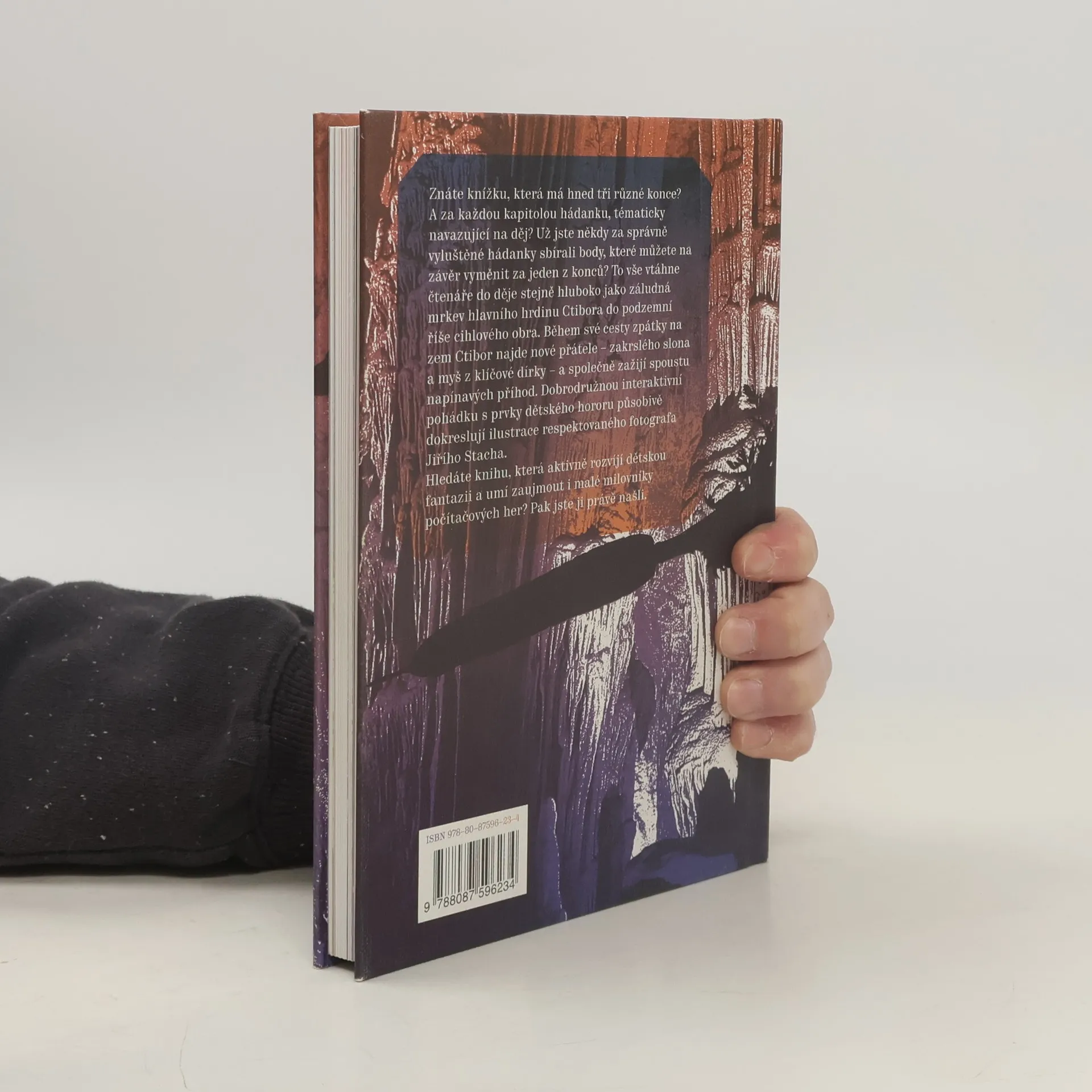 Znáte knížku, která má hned tři různé konce? A za každou kapitolou hádanku, tematicky navazující na děj? Už jste někdy za správně vyluštěné hádanky sbírali body, které můžete na závěr vyměnit za jeden z konců? To vše vtáhne čtenáře do děje stejně hluboko, jako záludná mrkev hlavního hrdinu Ctibora do podzemní říše cihlového obra. Během své cesty zpátky na zem Ctibor najde nové přátele – zakrslého žesťového slona a myš z klíčové dírky – a společně zažijí spoustu napínavých příhod. Dobrodružnou interaktivní pohádku s prvky dětského hororu působivě dokreslují ilustrace respektovaného výtvarníka, fotografa Jiřího Stacha. Hledáte knihu, která aktivně rozvíjí dětskou fantazii a umí zaujmout i malé milovníky počítačových her? Pak jste ji právě našli.
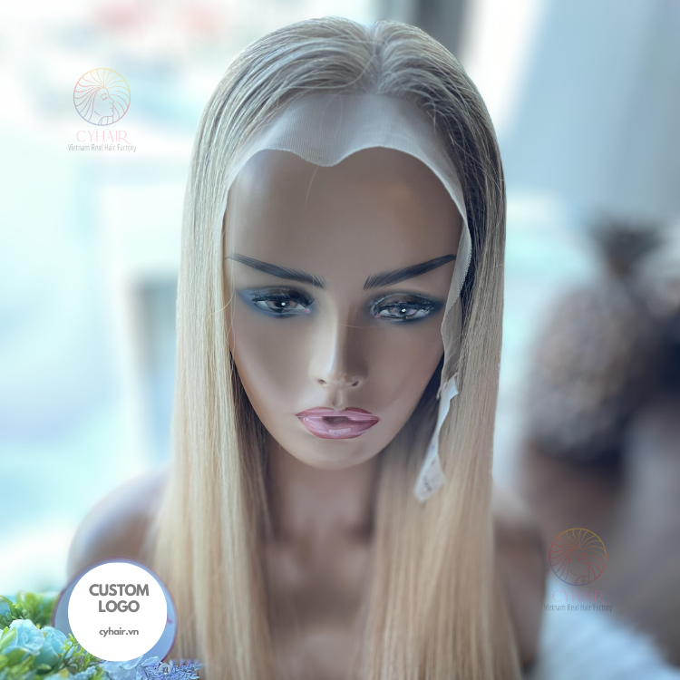 วิกผมบลอนด์แท้จากเวียดนาม คุณภาพดีเยี่ยม รากผมสีเข้ม วิกผมหน้าผากแบบลูกไม้โปร่งใส ผมตรง
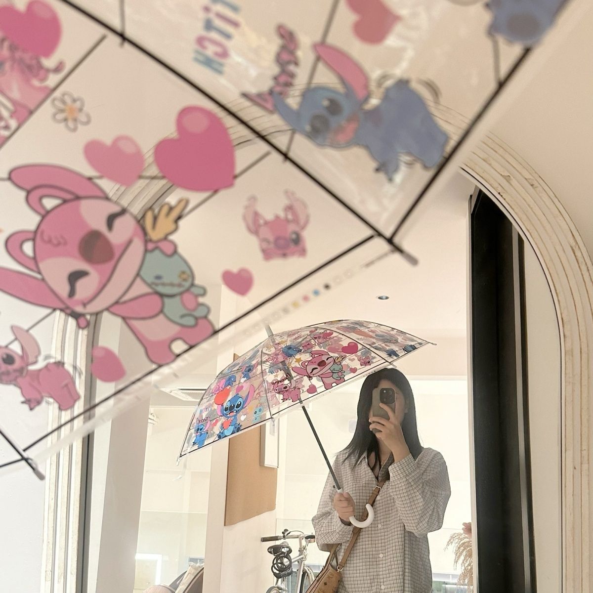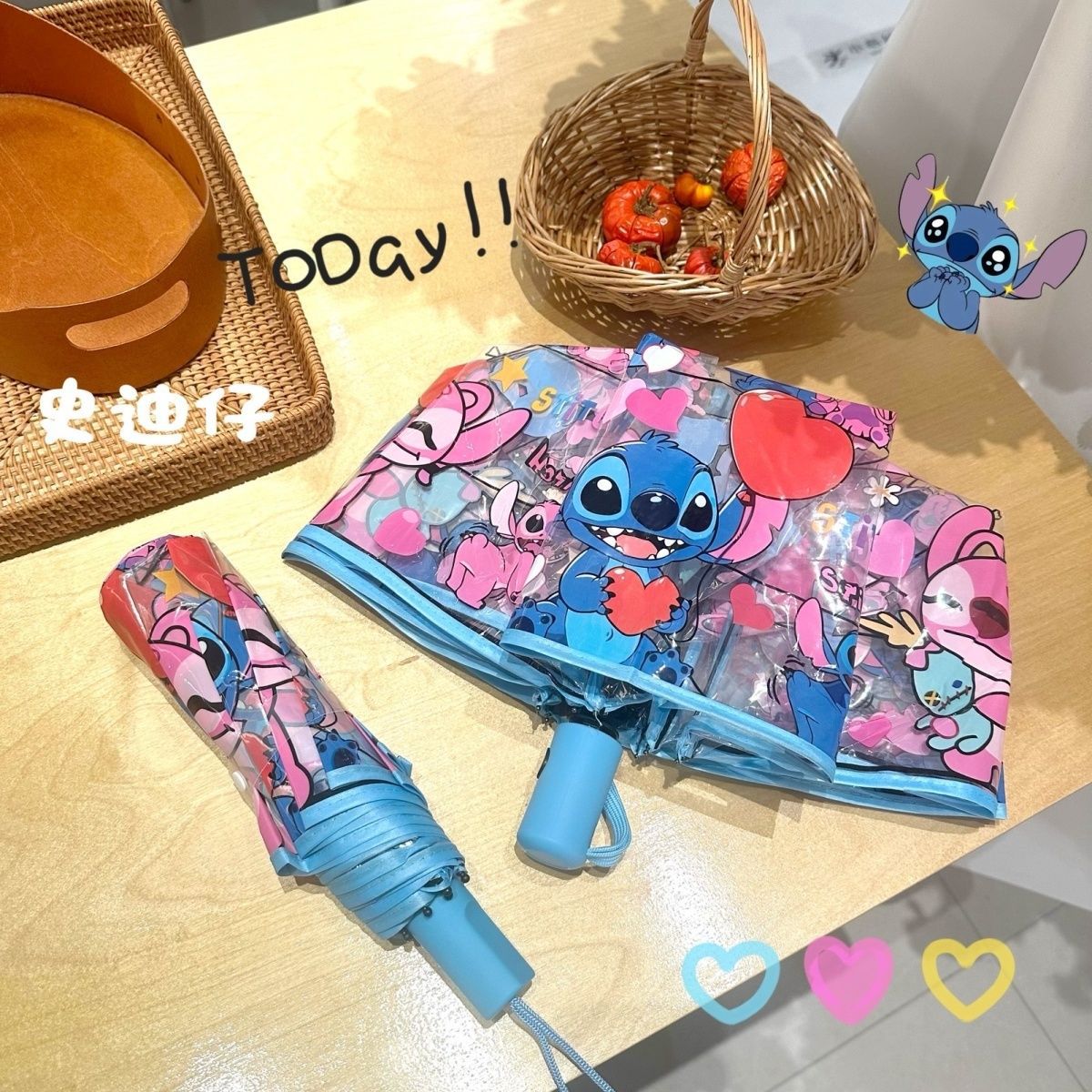 Stitch ins 완전 자동 투명 우산 접이식 여신 신선한 학생 접이식 우산 더블 인터넷 연예인 두꺼운 우산

What to work on> Reproduce the preceding material exactly, skipping pictures.

Exercise solution>
 Znáte knížku, která má hned tři různé konce? A za každou kapitolou hádanku, tematicky navazující na děj? Už jste někdy za správně vyluštěné hádanky sbírali body, které můžete na závěr vyměnit za jeden z konců? To vše vtáhne čtenáře do děje stejně hluboko, jako záludná mrkev hlavního hrdinu Ctibora do podzemní říše cihlového obra. Během své cesty zpátky na zem Ctibor najde nové přátele – zakrslého žesťového slona a myš z klíčové dírky – a společně zažijí spoustu napínavých příhod. Dobrodružnou interaktivní pohádku s prvky dětského hororu působivě dokreslují ilustrace respektovaného výtvarníka, fotografa Jiřího Stacha. Hledáte knihu, která aktivně rozvíjí dětskou fantazii a umí zaujmout i malé milovníky počítačových her? Pak jste ji právě našli.
 วิกผมบลอนด์แท้จากเวียดนาม คุณภาพดีเยี่ยม รากผมสีเข้ม วิกผมหน้าผากแบบลูกไม้โปร่งใส ผมตรง
 Stitch ins 완전 자동 투명 우산 접이식 여신 신선한 학생 접이식 우산 더블 인터넷 연예인 두꺼운 우산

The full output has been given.